Work Text:
时间回到最开始:你为什么想挥出第一拳?也许是习惯使然,你看,你多么喜欢教训静物,那些不会动更不会说话的可悲的物体是你天然的出气筒。但是你似乎忘了,比如那个垃圾桶,你踢它多少脚,揍它多少拳,它虽然不会动,但都原封不动地还给你。
所以你冲技能挥拳时,也忘记了这一点?
不过确实是事发突然,你从来不知道技能会成为实体,恐怕技能也不知道——不过拳头砸到实体上的真切的痛感,是确确实实从你手上的一根根纤细的神经一路传至你的大脑的。这些技能为什么能像人一样站在你的面前?为什么还能打到它们?但是你没打算停手,或者这一拳像泼出去的水,打了那就打了,再来一拳!你犹豫了0.3秒,立刻挥出了第二拳。这一拳你甚至用上了更大的力气,——如果打到人身上,可能会留下一块丑陋的淤青。可惜对面那个紫色的家伙没有坐以待毙,它格挡住了你的右拳,挥到一边。你立即又用左手朝它的腹部打去——但是你突然感到一阵向后拖拽的力量,左拳离面前的人影越来越远,因脚下不稳你差点倒下,却又感到被支撑着。原来你是被其他技能拉开了。你看见还有一部分在扶刚才被你打了一拳的那个技能,你不禁为之震怒,伸手还要攻击对面那个还捂着刚被你打到的地方的紫色人影,却感到一阵强而有力的束缚力量,像是被钉在背后由技能组成的墙上——放开我!放开我!

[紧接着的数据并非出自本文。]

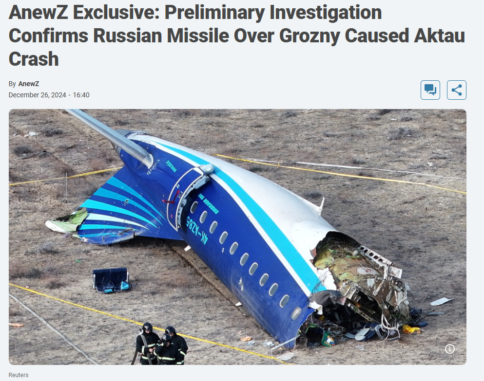 12월 25일 추락한 아제르바이잔 항공기

你感到愤慨,为什么你不能获得自由?你开始大喊大叫,对听到的其他声音不管不顾,对啊,你是这片思维王国的国王,为什么你要披枷戴锁,你要任人摆布,你要唯命是从?你不仅要忍受它们无时无刻在脑中的絮语,放任它们对你的选择指指点点,还要被迫承认它们对你的束缚,就像现在这样,连挥出拳头、争夺自己的自由都做不到,你像一只被激怒的野兽,四处转动你的头颅,身体颤动抽搐不止,无边无际的黑暗以你与技能们为中心向四处蜿蜒,像真空。你只能被困在这里绝望地号叫,你甚至连为什么技能变成实体也不知道——你们放开我!放开我!你叫喊得太用力,以至于带出了生理性的泪水。
你最不堪的大脑角落里有这么一个画面:你恳求技能不要再束缚你,不要再发出难以忍受的声音。而技能只是俯视着嘲讽你,这个王国失去了国王,怎么还能成为一个王国呢?原来你卑微到了如此地步,连逃亡都做不到,如果没有这些技能,你也无妨做一个普通的哈里警官,技能开始笑了,如果你离开了,我们就要给这副身体起一个“哈里”以外的新名字,你——如果还有“你”的话——可就成为一个没有身体的幽灵了,在瑞瓦肖孤独地漂浮,或者去和那些无罪者一样,在寒冷的天空高处俯视众生吧……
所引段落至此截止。